Department of Cardiology, University Heart and Vascular Center Hamburg, Building O50, Empore, Martinistrasse 52, 20246 Hamburg, Germany.
German Center for Cardiovascular Research (DZHK), Partner Site Hamburg/Kiel/Lübeck, Hamburg 20246, Germany.
Eur Heart J Cardiovasc Pharmacother. 2024 Aug 14;10(5):444-453. doi: 10.1093/ehjcvp/pvae042.
Direct oral anticoagulants (DOACs) are increasingly used off-label to treat patients with left ventricular thrombus (LVT). We analysed available meta-data comparing DOACs and vitamin K antagonists (VKAs) for efficacy and safety.
We conducted a systematic search and meta-analysis of observational and randomized data comparing DOACs vs. VKAs in patients with LVT. Endpoints of interest were stroke or systemic embolism, thrombus resolution, all-cause death, and a composite bleeding endpoint. Estimates were pooled using a random-effects model meta-analysis, and their robustness was investigated using sensitivity and influential analyses.
We identified 22 articles (18 observational studies, 4 small randomized clinical trials) reporting on a total of 3587 patients (2489 VKA vs. 1098 DOAC therapy). The pooled estimates for stroke or systemic embolism [odds ratio (OR): 0.81; 95% confidence interval (CI): 0.57, 1.15] and thrombus resolution (OR: 1.12; 95% CI: 0.86, 1.46) were comparable, and there was low heterogeneity overall across the included studies. The use of DOACs was associated with lower odds of all-cause death (OR: 0.65; 95% CI: 0.46, 0.92) and a composite bleeding endpoint (OR: 0.67; 95% CI: 0.47, 0.97). A risk of bias was evident particularly for observational reports, with some publication bias suggested in funnel plots.

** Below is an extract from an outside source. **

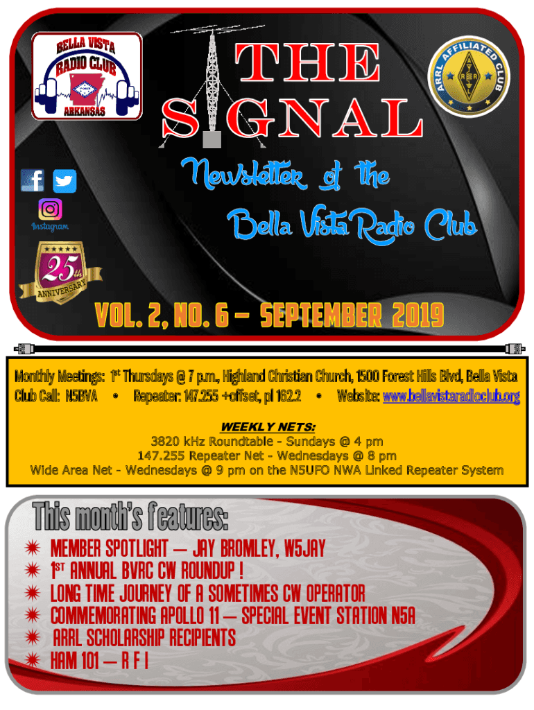 Monthly Meetings: 1st Thursdays @ 7 p.m., Highland Christian Church, 1500 Forest Hills Blvd, Bella Vista Club Call: N5BVA Repeater: 147.255 +offset, pl 162.2 Website: www.bellavistaradioclub.org WEEKLY

In this comprehensive analysis of mainly observational data, the use of DOACs was not associated with a significant difference in stroke or systemic embolism, or thrombus resolution, compared with VKA therapy. The use of DOACs was associated with a lower rate of all-cause death and fewer bleeding events. Adequately sized randomized clinical trials are needed to confirm these findings, which could allow a wider adoption of DOACs in patients with LVT.
直接口服抗凝剂(DOACs)越来越多地被超适应证用于治疗左心室血栓(LVT)患者。我们分析了比较 DOACs 和维生素 K 拮抗剂(VKAs)在治疗 LVT 患者的有效性和安全性的现有汇总数据。
我们对比较 LVT 患者中 DOACs 与 VKAs 的观察性和随机数据进行了系统检索和荟萃分析。感兴趣的终点是卒中或全身性栓塞、血栓溶解、全因死亡和复合出血终点。使用随机效应模型荟萃分析汇总估计值,并通过敏感性和影响分析研究其稳健性。
我们确定了 22 篇文章(18 项观察性研究,4 项小型随机临床试验),共报告了 3587 例患者(2489 例 VKA 与 1098 例 DOAC 治疗)。卒中或全身性栓塞的汇总估计值[比值比(OR):0.81;95%置信区间(CI):0.57,1.15]和血栓溶解的汇总估计值(OR:1.12;95%CI:0.86,1.46)相当,并且整个纳入研究的异质性较低。与使用 VKAs 相比,使用 DOACs 与全因死亡的可能性较低相关(OR:0.65;95%CI:0.46,0.92)和复合出血终点(OR:0.67;95%CI:0.47,0.97)。特别是对于观察性报告,存在明显的偏倚风险,在漏斗图中提示存在一些发表偏倚。
在对主要观察性数据的全面分析中,与 VKAs 治疗相比,使用 DOACs 并未显著降低卒中或全身性栓塞或血栓溶解的发生率。使用 DOACs 与全因死亡率降低和出血事件减少相关。需要进行足够规模的随机临床试验来证实这些发现,这可能允许在 LVT 患者中更广泛地采用 DOACs。